Two best ways to Roast Pumpkin Seeds

When I roast pumpkin seeds, often I get antsy and scoop them straight from the pumpkin to the pan, tossing a little oil and salt on them and straight into the oven they go. It works and I’m popping roasted seeds in my mouth in less than an hour.

But if you really want the best texture, soaking them overnight is better. Yup, it takes longer, but the seeds come out so much more crispy without a those little edges that don’t seem to chew well.

I gave you two options below- a faster pumpkin seed roasting, going straight from pumpkin to oven and a the slower, soaking method.

Try some both ways- soaking and not soaking. See what you think!

Happy eating,
~Monique

Roasted Pumpkin Seeds

Pumpkin
Olive Oil
Pink Salt

Carefully cut open the pumpkin open. Scoop out the seeds,

Fast roasting: Place seeds directly on a parchment-lined sheet pan, toss lightly with oil and salt. Roast in a 350 degree oven until crispy, 45 minutes. Check often and toss them once or twice to help them cook evenly.

Soaking & roasting process: Place seeds in a bowl. Fill the bowl with 1 tsp pink salt and water.
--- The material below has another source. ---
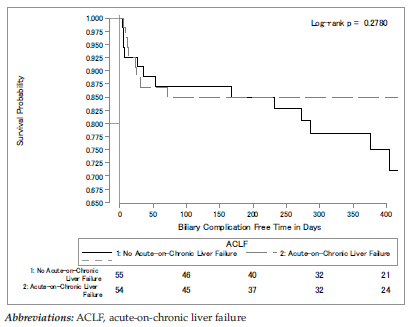 Acute-on-chronic liver failure was present at the time of LT in 48% of patients (56/116 patients) included in this study. Among the 56 patients in the ACLF group, 9 developed posttransplant biliary complications (3 patients with biliary leaks and 6 patients with biliary strictures). In comparison, 12 of 60 patients without ACLF developed posttransplant biliary complications (8 with biliary leaks, 3 with biliary strictures, and 1 who developed an early biliary leak followed by a later biliary stricture). The presence of ACLF was not a significant risk factor for the development of biliary complications. In fact, patients with ACLF experienced lower rates of biliary complications, although this did not reach statistical significance. Figure 1 displays Kaplan-Meier curves tracking time free of biliary comp-lications for patients with and without ACLF. Patients with ACLF who developed biliary compli-cations did so primarily within 100 days of transplant, whereas patients without ACLF continued to develop complications up to 400 days posttransplant.

Let the seeds soak overnight. Rinse the seeds, picking off any pumpkin strands and spread seeds on a paper towel to dry.

Once dry, toss the seeds with a small drizzle of olive oil and a sprinkling of salt. Place on a parchment-lined sheet pan. Roast in a 350 degree oven until crispy, 15-30 minutes. Toss them once or twice to help them cook evenly.

Roasted Pumpkin Seeds

Espresso & almond butter roasted pumpkin seeds gf, df

I’ve been known to buy pumpkins just so I can roast the seeds. Sound familiar? After creating this Espresso and Almond Butter Roasted Pumpkin Seeds recipe, I might start a hydroponics lab in my living room so I can grow pumpkins year round!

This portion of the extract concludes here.